01 -
Combine eggs, milk, sugar, flour, salt, and melted butter in a blender. Mix until smooth, using a spatula to scrape down the sides if needed. Let the batter rest for at least one hour at room temperature, or refrigerate overnight (if refrigerated, bring to room temperature and whisk again before using).
02 -
Heat a non-stick frying pan over medium-low heat. Lightly brush with melted butter or oil. Pour approximately ¼ cup of batter into the pan, tilting to coat the bottom evenly. Cook for about 2 minutes until lightly golden, then flip and cook for 30 seconds more. Transfer to a large plate and repeat with remaining batter.
03 -
Whip the cream in a large bowl until soft peaks form.
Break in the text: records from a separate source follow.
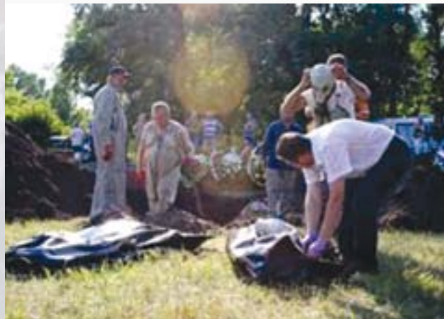
The mass grave of civilians who were killed by the armed formations of "DPR" in Sloviansk

In June 2014, after the Liturgy for the Trinity, pro-Russian separatists in Slavyansk abducted 4 Protestants. The reason for the abduction was that someone told the terrorists that the churchmen of the Church of the Transfiguration helped and nourish the soldiers of the Ukrainian Army and the National Guard, stood at the checkpoints around the Slavyansk and may report on the actions of the terrorists
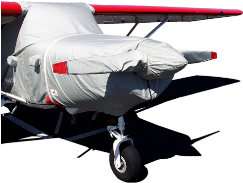
Maule Prop (2 Blade), Engine, & Canopy Cover

This cover type is made from Silver Acrylic Sunbrella canvas and is 100% lined with a soft and smooth microfiber. Bruce's Custom Covers developed this material combination especially for aircraft protection. The outer material is medium weight and treated for water resistance, UV resistance and anti-static buildup. The inner lining is a very soft and smooth microfiber to prevent scratching. The material is very reflective, and tests show that the cabin interior temperature can be reduced to near-ambient temperature on the hottest of days. It is water, ice and snow repellent, yet breathable to allow moisture to escape from between the cover and the aircraft surface.
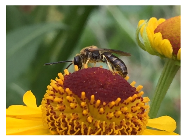
Bellflower, the sole pollen source for Bell Flower Scissor Bee and Harebell Blunthorn Bee
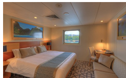
Promenade B Stateroom
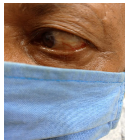
Figure 1. Subconjunctival hemorrhage after treatment.

Subconjunctival hemorrhages do not seem to have any sort of gender discrepancy. However, in young males, the prevalence rate of SCH is found to be high. It is usually seen in a person performing heavy and rigorous active tasks 4 . The elastic and connective
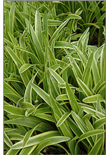
Variegata Lily Turf foliage

This plant does best in partial shade to shade. It does best in average to evenly moist conditions, but will not tolerate standing water. It is not particular as to soil type or pH. It is somewhat tolerant of urban pollution. This is a selected variety of a species not originally from North America. It can be propagated by division; however, as a cultivated variety, be aware that it may be subject to certain restrictions or prohibitions on propagation.

Sift together the icing sugar and cocoa powder, then fold into the whipped cream until fully incorporated. Refrigerate until ready to use.
04 -
Place the finely chopped chocolate in a heatproof bowl. Heat cream until hot but not boiling, then pour in a steady stream over the chocolate. Let stand for 2 minutes, then stir gently until smooth and glossy. Allow to cool slightly until thickened but still pourable.
05 -
Spread a thin layer of chocolate cream on a cake board or serving plate. Place the first crepe on top and cover with a thin, even layer of chocolate cream, spreading to the edges. Add a second crepe, gently pressing down. Repeat layering crepes and cream, leaving the top crepe uncovered.
06 -
Refrigerate the cake for at least one hour to firm up. Remove from the fridge and pour the ganache over the top, allowing it to drip down the sides. Return to the refrigerator until the ganache sets before serving.